Example 4: Use of .MODIF to reduce number of simulations.

In this example, up to 31 simulation could be performed, however only one simulation that fails will be performed. Hence, if the setup time is 1ns, ~10 simulation can be skipped. This can result is significant time savings, especially if the AUTOSTOP option is being used to halt simulation once all measurements are complete. Simulations that fail will simulate up to the final time, i.e. 20ns, while simulations that succeed will typically only need to be simulated up to ~12n (depending on propogation delay and output rise time).

Binary Search Method

The problem of calculation of the setup/hold time of a circuit is similar to the problem of searching for an element in an already sorted set. A binary search is much faster and consequently more efficient than a standard linear search. This technique can also be applied to the search for a setup/hold time and can be accomplished through use of multiple MODIF sets and conditional stops. This technique is illustrated in Example 5.

.MODIF LOOP=4 STOP max_q LE 1.6 + tin += (7n) 1n +MODIF LOOP=2 STOP 1.6 LE max_q + tin -= 0.5n +MODIF LOOP=2 STOP max_q LE 1.6 + tin += 0.25n +MODIF LOOP=3 STOP 1.6 LE max_q + tin -= 0.1n

Example 5: Binary search of setup time using .MODIF.

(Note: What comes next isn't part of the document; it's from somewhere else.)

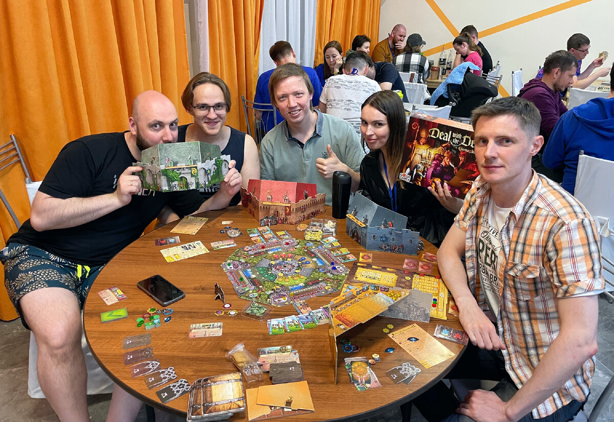 Лично я с каждой новой партией получаю в партиях в «Сделку» больше удовольствия, чем в предыдущих: единственное, мне хотелось бы как-нибудь сыграть не с компанией новых ребят, а с теми, у кого уже есть понимание ценности предложений в сундуке и полезности тех или иных карт построек — потому что даже со второй партии уже сильно проще в этом всём ориентироваться, а всем первые разы пока получалось так, что у нас везде побеждал дьявол.

In this example, 'tin' is initially incremented in 1ns steps until the circuit fails. When this happens the second MODIF set will decrement 'tin' in 0.5ns intervals until the output voltage is again greater than 1.6V. At this stage the setup time has been calculated to a accuracy of 0.5ns. To get to the required resolution of 0.1ns, two more MODIF sets are used, with steps in 'tin' of 0.25ns and 0.1ns respectively.

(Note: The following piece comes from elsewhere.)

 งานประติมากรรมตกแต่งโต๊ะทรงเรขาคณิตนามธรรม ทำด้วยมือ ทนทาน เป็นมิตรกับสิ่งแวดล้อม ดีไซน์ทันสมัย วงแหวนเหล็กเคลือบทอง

This approach results in a calculation of
the setup time to the required accuracy in a worst case of 8 simulations,
as compared to the original 31 simulations. To increase the resolution
by a factor of 2, only 1 more simulation is needed, whereas with
the linear search, 31 more simulations are needed.

Conclusion

This article has discussed the use of the .MODIF
statement in the characterization of cells. This statement can greatly
increase the efficiency of characterization by reducing the number
of simulations required and performing all characterization stages
within one process. In a future article, some more advanced uses
of the MODIF statement in combination with the **SmartSpice**
command interpreter will be discussed.